The task → Repeat exactly the lines below from the line that contains "政策宣传区,柳城县市场监督管" to the last line, inclusive, without the pictures.

The data →

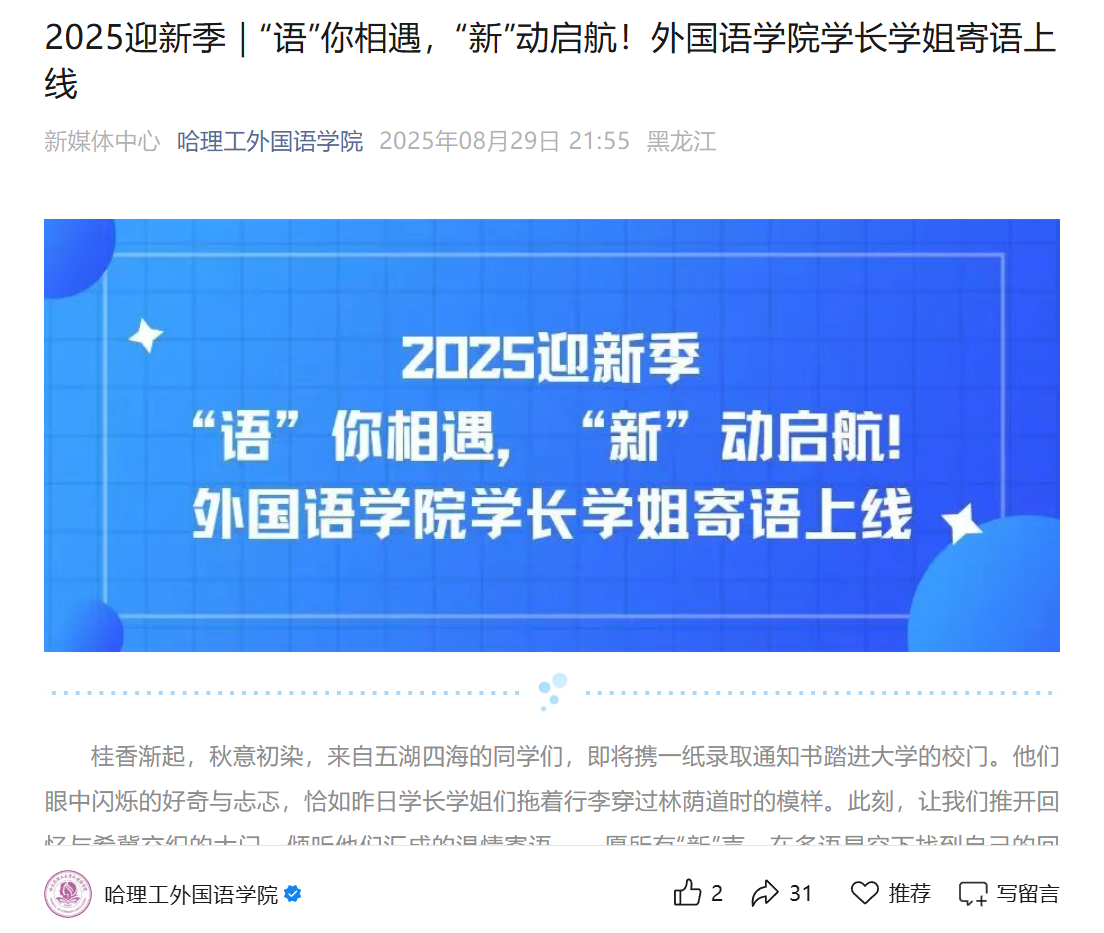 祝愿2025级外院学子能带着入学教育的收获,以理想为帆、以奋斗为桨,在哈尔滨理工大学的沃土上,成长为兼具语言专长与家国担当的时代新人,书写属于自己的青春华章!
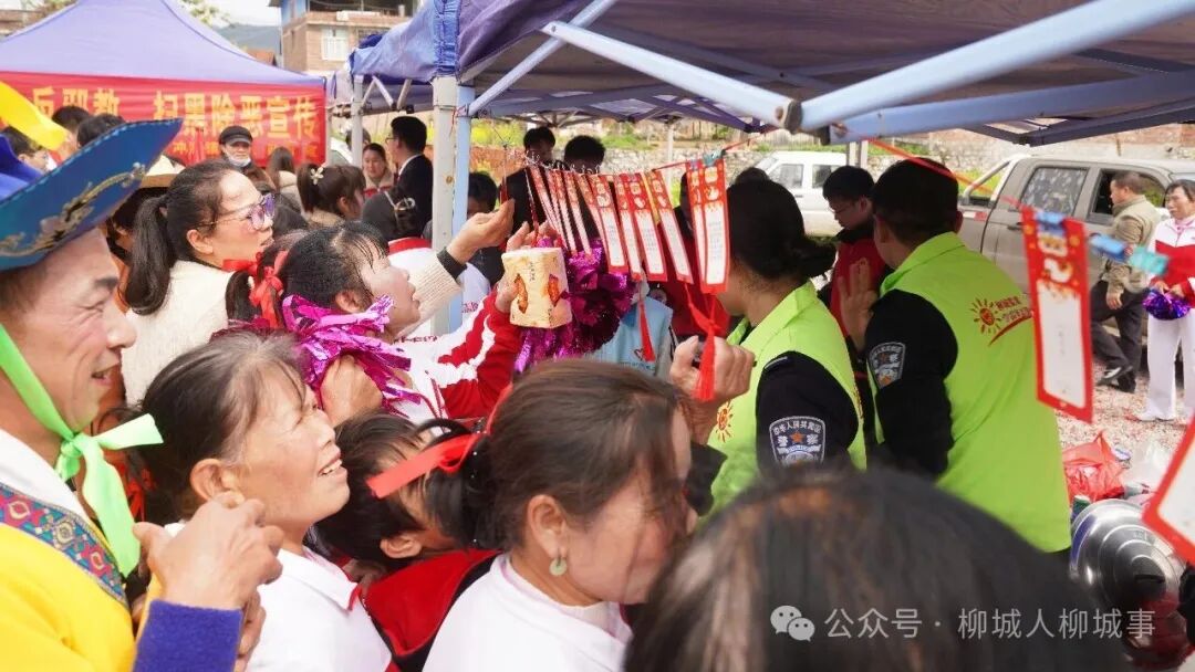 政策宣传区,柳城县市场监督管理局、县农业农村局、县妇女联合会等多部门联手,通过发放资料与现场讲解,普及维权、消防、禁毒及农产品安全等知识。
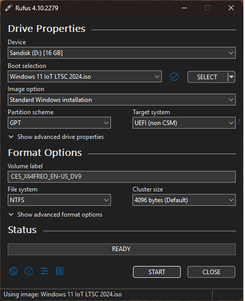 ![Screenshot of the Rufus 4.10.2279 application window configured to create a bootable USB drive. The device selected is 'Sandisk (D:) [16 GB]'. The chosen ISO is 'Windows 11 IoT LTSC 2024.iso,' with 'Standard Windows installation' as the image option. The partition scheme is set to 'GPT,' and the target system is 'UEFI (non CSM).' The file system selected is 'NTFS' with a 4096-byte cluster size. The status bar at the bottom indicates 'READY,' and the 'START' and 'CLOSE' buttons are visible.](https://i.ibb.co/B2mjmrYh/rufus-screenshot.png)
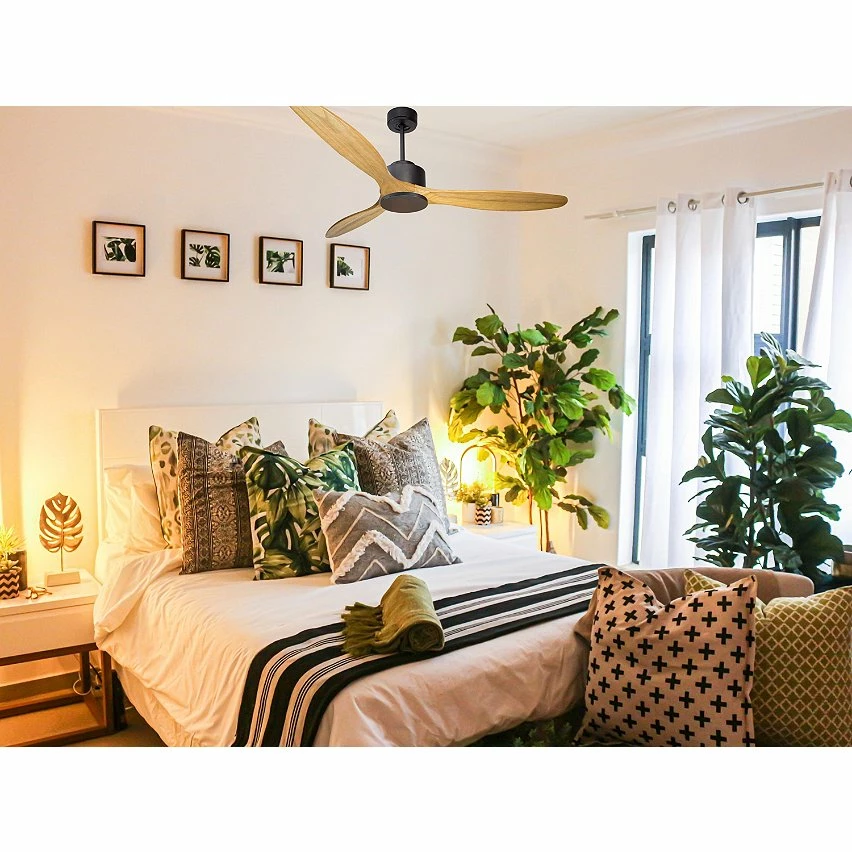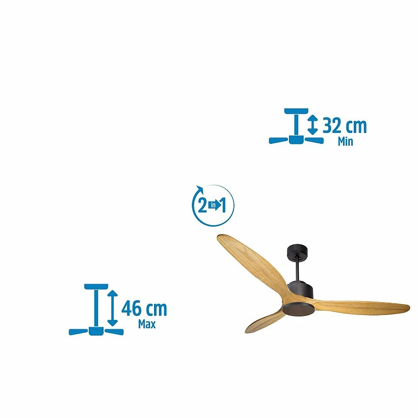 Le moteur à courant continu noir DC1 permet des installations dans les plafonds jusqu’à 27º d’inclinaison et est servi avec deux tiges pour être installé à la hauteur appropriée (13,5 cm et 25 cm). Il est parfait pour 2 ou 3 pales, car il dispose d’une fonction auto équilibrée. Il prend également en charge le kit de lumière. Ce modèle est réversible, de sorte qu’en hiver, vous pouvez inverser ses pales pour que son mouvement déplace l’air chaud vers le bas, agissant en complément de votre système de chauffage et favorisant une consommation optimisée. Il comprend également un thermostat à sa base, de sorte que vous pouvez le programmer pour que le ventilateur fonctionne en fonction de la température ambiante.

Answer to the problem →
 政策宣传区,柳城县市场监督管理局、县农业农村局、县妇女联合会等多部门联手,通过发放资料与现场讲解,普及维权、消防、禁毒及农产品安全等知识。
 ![Screenshot of the Rufus 4.10.2279 application window configured to create a bootable USB drive. The device selected is 'Sandisk (D:) [16 GB]'. The chosen ISO is 'Windows 11 IoT LTSC 2024.iso,' with 'Standard Windows installation' as the image option. The partition scheme is set to 'GPT,' and the target system is 'UEFI (non CSM).' The file system selected is 'NTFS' with a 4096-byte cluster size. The status bar at the bottom indicates 'READY,' and the 'START' and 'CLOSE' buttons are visible.](https://i.ibb.co/B2mjmrYh/rufus-screenshot.png)
 Le moteur à courant continu noir DC1 permet des installations dans les plafonds jusqu’à 27º d’inclinaison et est servi avec deux tiges pour être installé à la hauteur appropriée (13,5 cm et 25 cm). Il est parfait pour 2 ou 3 pales, car il dispose d’une fonction auto équilibrée. Il prend également en charge le kit de lumière. Ce modèle est réversible, de sorte qu’en hiver, vous pouvez inverser ses pales pour que son mouvement déplace l’air chaud vers le bas, agissant en complément de votre système de chauffage et favorisant une consommation optimisée. Il comprend également un thermostat à sa base, de sorte que vous pouvez le programmer pour que le ventilateur fonctionne en fonction de la température ambiante.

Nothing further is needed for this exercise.